Oğuz daha çok ağlarken eve girip hızlıca su alıp çıktım. Oğuz'a uzattım. Oğuz annesinin yüzüne su çarpıp kalan suyu içirdi. Yavaş yavaş sakinleşirken Oğuz çok ağlıyordu. Onun bu halini gördükce gözlerim doluyordu. Kurban olurdum tek damla göz yaşına.
"Burada yaşayamazsın. Kimseye açıklayamam bu durumu. Arada gelip ne yaprsan yap! Belli sen akıllanmayacaksın! Başıma bela oldun bela! Evlat değilde bela doğurmuşum ben! Allahından bul!
Yumruklarımı sıktım. Oğuz hıçkıra hıçkıra ağlıyordu. Kollarından tutup yerden kaldırdım Oguz'u.
"Sakinleşince gelir eve Oğuz, size de iyi günler."
Oğuz'u tutup eve soktum. Eve girer gimez kollarını boynuma sarıp ağlamaya devam etti. Bir elimi beline sıkıca sarıp diğeriyle sakinleşmesi için sırtını okşadım. Saçlarına öpücükler kondurdum. Gözümden akan yaşlara şaşırmadım. O üzgünken, bu kadar dağılmışken ağlamamam imkansızdı.
"Senin tek damla göz yaşına kurban olurum ben. Seni sevmediklerinden daha çok seveceğim. Seni üzdüklerinden daha çok mutlu edeceğim. Artık yalnız değilsin."
Kafasını kaldırıp dudaklarımızı birleştirdi. Yumuşakça öpüştük.

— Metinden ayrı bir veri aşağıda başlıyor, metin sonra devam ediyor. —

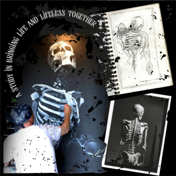 Back in 1994 when I was an Art Major at Northern Illinois University I began to explore the development of this series. Inspired by music, movies and culture, I sketched out an image that was initially much darker and macabe then the subsequent paintings. It was never my intention to depict something gory or grotesque, but I wanted to bring living flesh together with the lifeless skeleton. I also wanted these figures to pose in familiar gestures so that people would identify with them more. After completing the first piece of the series, it became more clear to me what the subject matter and style was going to be for the next paintings. After I decide how the composition will look, I conduct a photoshoot with the sketelton and the human model using a single light source and various poses. I then use those images to composite the final image that will be used as the reference for the painting. I find that there are many interesting ideas that come from this concept and I am still developing it.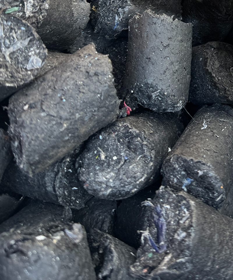 1度細かくした廃棄物を2軸高速粉砕機を使用して、また更に、細かくなるように処理を進めていきます。2度の破砕にて細かくすることで、その後に控える圧縮加工まで品質を落とすことなく作業が進むように、入念に行っていきます。リサイクル率を高めることは、低コストで再資源化が進むように徹底しています。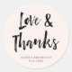 Esses adesivos de casamento modernos e frescos apresentam um roteiro preto manuscrito que diz "amor e obrigados" em um fundo cor-de-rosa pincelado.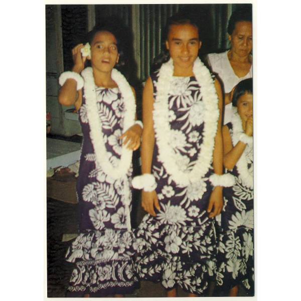 Dziewczęta w wieńcach z kwiatów tiare.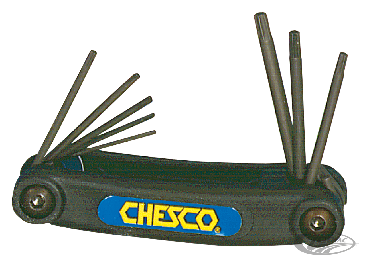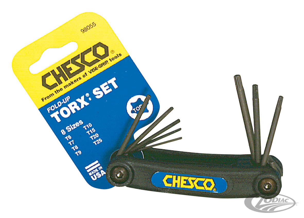 Handliche, platzsparende Torxschlüssel Sets. Harley verwendet Schrauben mit diesen Köpfen z.B. an den Bremszangen und Lichtmaschinen Statoren der späten Modelle. Erhältlich im 8er Heft.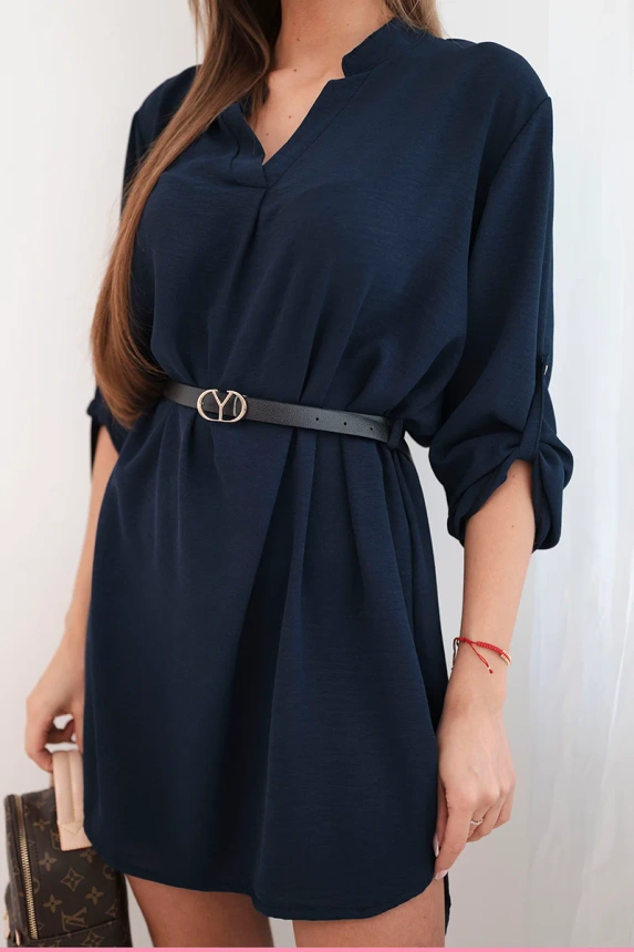 Suknelė su ilgesniu nugara ir diržu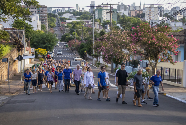 Entre as dezenas de pessoas que participaram do evento religioso estavam Zilá Puntel, de 75 anos, e Avenisse Kipper, de 69. Elas são moradoras do Bairro Santo Inácio – inclusive vizinhas de rua – e participam da procissão há muitos anos. “É muito bom, eu agradeço por todas as bênçãos”, afirmou Zilá. Já Avenisse elogiou a paisagem da gruta, onde é finalizada a procissão. “Eu adoro essa caminhada e agradeço pela saúde e a família.”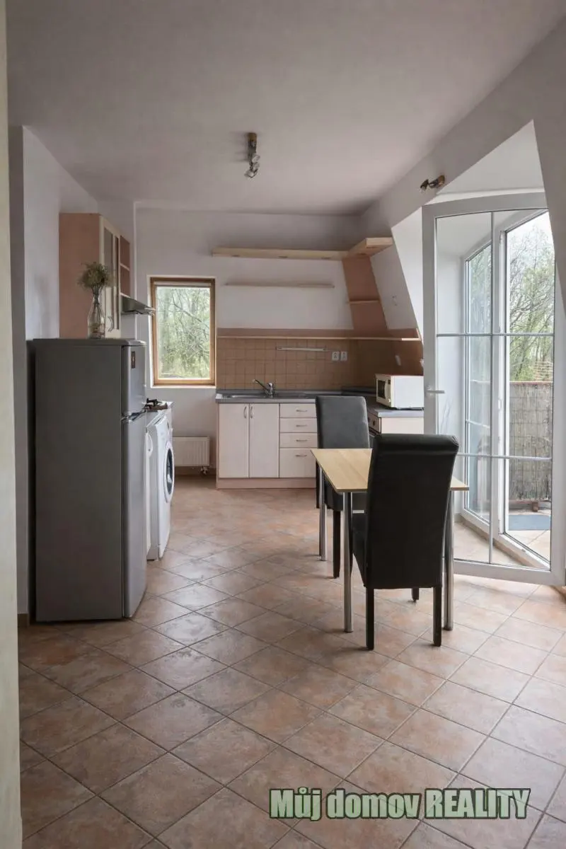 Nabízíme k pronájmu útulný a vzdušný podkrovní byt o dispozici 1+kk, situovaný ve 3. patře cihlového domu v klidné a zelené lokalitě Praha Košíře.

"İyi ki Doğan, binlerce kez iyi kim var senin hakkında. Seni seviyorum, çok seviyorum hem de."
Bir kez daha öptü dudaklarımı.
"Babamdan sonra ilk defa kendimi yalnız hissetmedim."
Bir kez daha dudaklarımı öptü.
"Annem bana karşı hep böyleydi ama bu sefer biraz fazla koydu yalan yok. Daha da ileri gitti lafları ve bunu senin önünde yaptı. Ama sen bana destek çıktın. Şu kolların arasında avuttun beni, benimle ağladın. İyi ki varsın Doğan. Şu anımızı annemin bozmasına izin vermeyeceğim. Gece hayal ettiğim gibi kahvaltımızı yapacağız güzelce ve ben sonra gideceğim. Ama yine geleceğim. Hep geleceğim. Benim yerim bu kolların arası."
Dudaklarını bu sefer ben öptüm.
"Ne olursa olsun bu kollarda ağlayacaksın eğer ağlayacaksan. Beraber gülüp beraber ağlayacağız. Unuttun mu biz koca kocayız?"
Sonunda güldü Oğuz. O gülünce ben de güldüm.
"Evet biz koca kocayız. Hadi kahvaltı yapalım kocam."
Ne olursa olsun biz yan yana olduktan sonra kimse bize bir şey yapamazdı. Buna bugün emin olmuştum.
Sanki hiçbir şey olmamış gibi mutlu bir sabaha uyanmışız gibi güzel bir kahvaltı yaptık. Ardından Oğuz gitti. Onun orda üzüleceğini bilerek göndermiştim. Ama onu rahat bırakmayarak zırt pırt mesaj attım. Yalnız olmadığını hissettirmek istercesine, hep yanındayım dercesine.